Diversity indices computed on mtDNA sequences were obtained using DnaSP v.5. [39]. Genetic structure and variation between individual and grouped population sets were carried out by means of Analysis of Molecular Variance (AMOVA) and RST genetic distances as implemented in Arlequin software v3.5.1.2 [40].

Spatial geographic representation of haplogroup frequencies was carried out using SAGA v. 2.1.1 (http://www.saga-gis.org/).
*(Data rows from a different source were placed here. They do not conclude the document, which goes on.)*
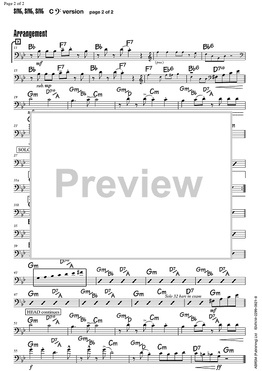 "Sing, Sing, Sing - C Instruments" Sheet Music by Benny Goodman
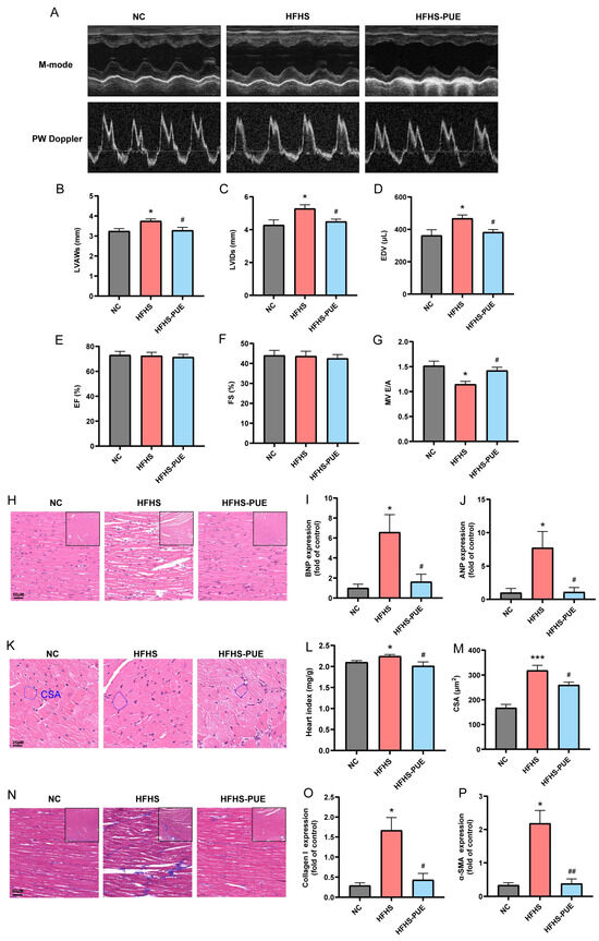 3.3. PUE Mitigated Cardiac Dysfunction and Structural Remodeling in HFHS Diet Rats
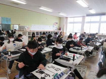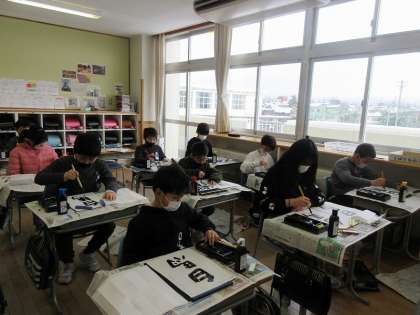 書写の時間は、姿勢を正し、手本をよく見て書いています。今日は二つの字のバランスを考えながら練習しました。
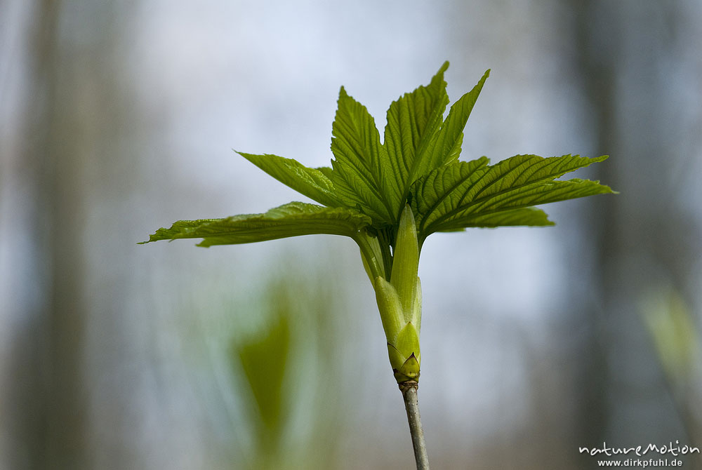Spitz-Ahorn, Acer platanoides, Aceraceae, frisch austreibende Blätter, Blattknospen, Göttinger Wald, Göttingen, Deutschland
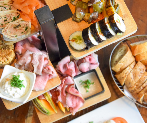 Beginnen Sie Ihr Brunch-Erlebnis mit einer liebevoll angerichteten Vorspeisen-Etagere, die eine Auswahl an feinen Delikatessen bietet – ideal zum Teilen und Probieren.
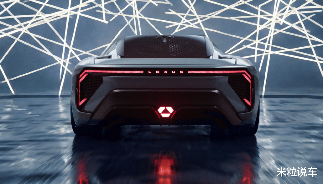 从侧面我们能够看到采用的是双开门设计,并且与车头部分一样,有着大量的空气运动套件,整个车身姿态形成了短前悬短后悬的设计,所以说车内的空间感会保持得更好。而车顶部分的设计更像是来自外太空的宇宙飞船。尾部是我认为整个外观最为惊艳的设计,尾部酷似火箭推射器,特别是贯穿样式的尾灯,与运动包围高效融合在一起,搭配上三角样式的独特标识,这样的炫酷感,你还觉得雷克萨斯的电车是杂牌吗?
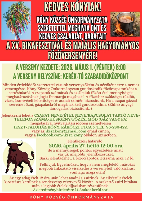 Főzőverseny felhívás a Kónyi Bikafesztiválra
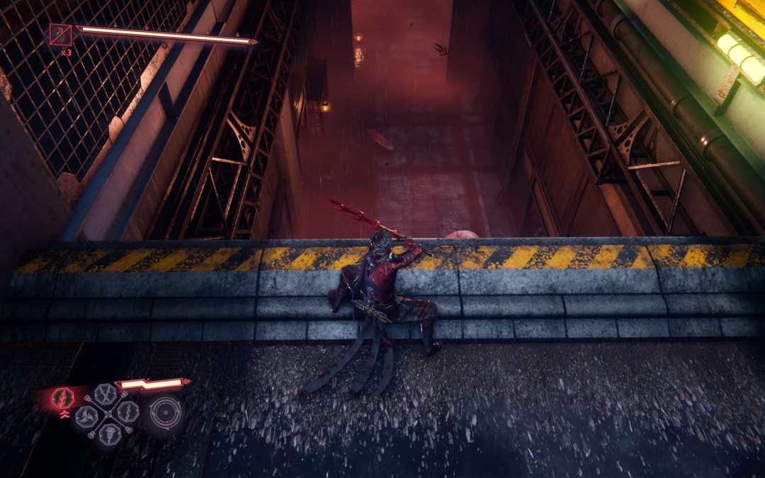 《忍者龙剑传4》游玩第三章不夜城的时候,有很多装备可以收集,上竖井来到章节第二个终端,先不要往前走,背后到尽头有炼狱,打完第一个boss后,先不上左侧楼梯,右侧开门完成任务灭杀食物小偷。
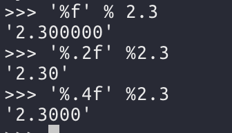 실수를 넣을 때는 %f를 사용하며 고정 소수점의 f이다.(Fixed point) %f는 기본적으로 소수점 이하 6자리 까지 표현하며, 소수점 이하 자리수를 지정하고 싶으면 f 앞에 .(점)자리수 를 지정해주면 된다.
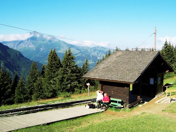 A couple of climbers waiting at the Bellevue station for the cog-rail train.
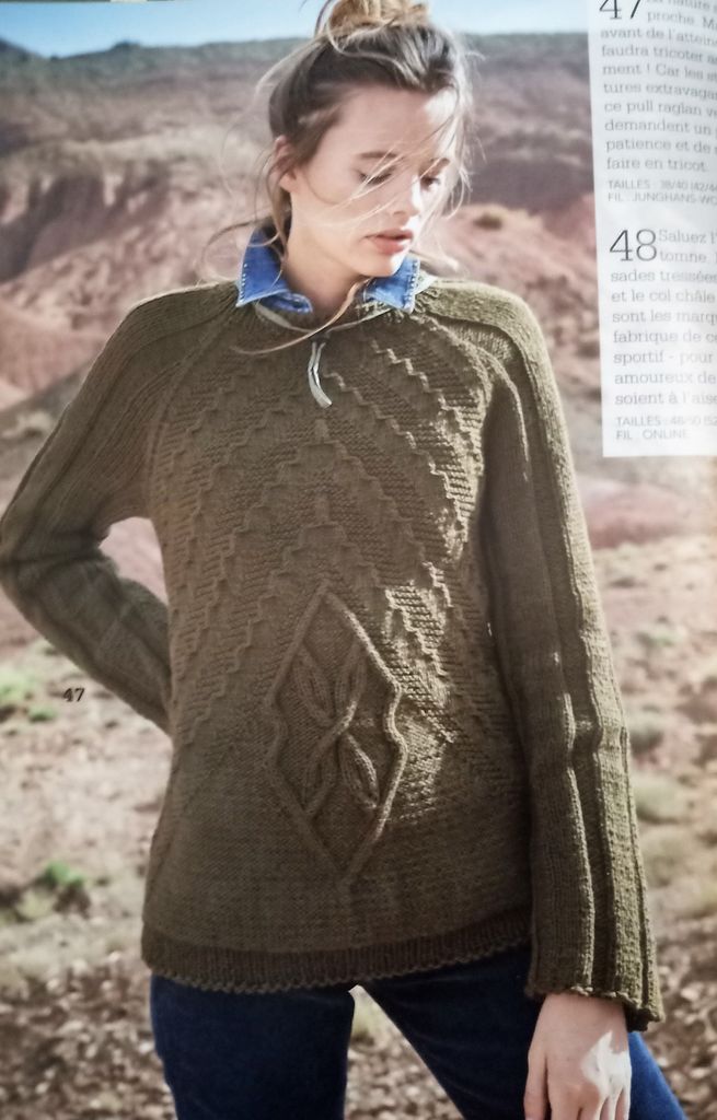 47 – Pull raglan avec un motif en diagonale tailles 38/40 – 42/44 – 46/48
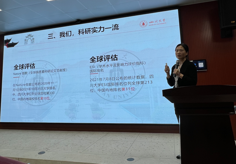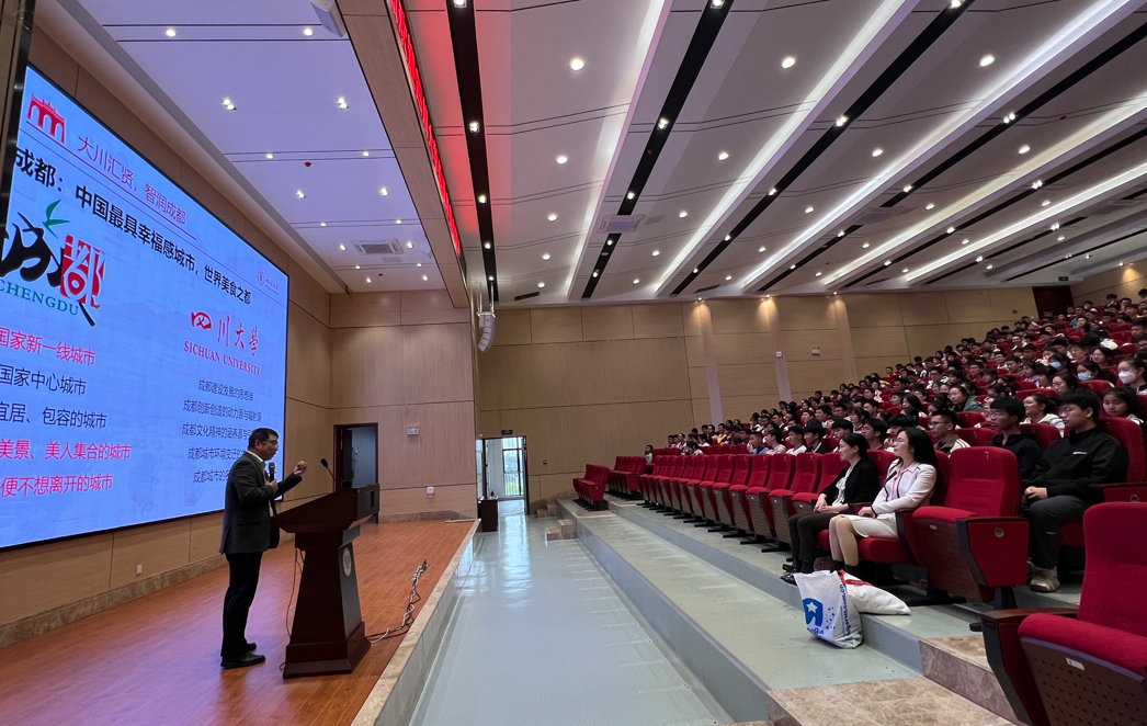 下午,招生组来到广西另一所名校柳州铁一中学,与该校领导及高三年级组相关老师进行深度交流。随后,招生组老师为高一、高二的员工进行了讲座,廖爱民副主任介绍了太阳成集团tyc234cc的办校历史、本科教育、学科实力及校园环境,希望在同学心中播下一颗报考川大的种子。曾菊梅副教授为同学们带来《魔高一尺,道高一丈:传染病药物发现》的科普讲座,用简洁易懂的语言向同学们介绍医学类相关知识,点燃同学们从事科学研究的热情。

We followed the commonly used ordinary Kriging method for interpolating frequency values (other interpolated methods yielded virtually the same results).

Mitogenomes belonging to haplogroups H14a and H14a2 were compiled from the literature and public databases (S3 Table); mtDNA data obtained from ancient specimens were not used. Phylogenetic reconstruction of haplogroups H14a and H14a2 was carried out by building maximum parsimony trees. Hotspot mutations such as 16182C, 16183C, and 16519C were not considered.

The Time of the Most Recent Common Ancestor (TMRCA) of haplogroup H14a was computed using a maximum likelihood procedure and following the phylogeny of Phylotree. For this purpose, the software PAML 4.4.[41] was used assuming the HKY85 mutation model (ignoring indels, as per common practice) and using gamma-distributed rates (approximated by a discrete distribution with 32 categories) and three partitions: HVS-I (positions 16051–16400), HVS-II (positions 68–263), and the coding region. Hotspot mutations such as 16182C, 16183C and 16519 were excluded from the computation. Age estimates were extrapolated using the corrected mutation rate of Soares et al. [42].

Results

Molecular diversity

Table 1 summarizes the main molecular diversity values for the regions covered in the present study, as well as sample sizes. Within the Iberian Peninsula, Spain has overall higher values of haplotype diversity than Portugal. Andalusia and the Iberian Plateau, followed by the Mediterranean region, have the highest values within the Peninsula. Nucleotide diversity has its highest value in the Mediterranean area, but it is also high in Portugal. When examined by Spanish Autonomous Regions, it is La Rioja, in the North of the Iberian Plateau, that has the highest values of haplotype diversity, followed by Extremadura in the South. Nucleotide diversity shows the highest levels in Navarra (North), and is clearly lower in the neighboring Basque Country (North). In the Balearic and Canary Islands, both haplotype and nucleotide diversity values are comparable with those in mainland Spain and Portugal (Table 2).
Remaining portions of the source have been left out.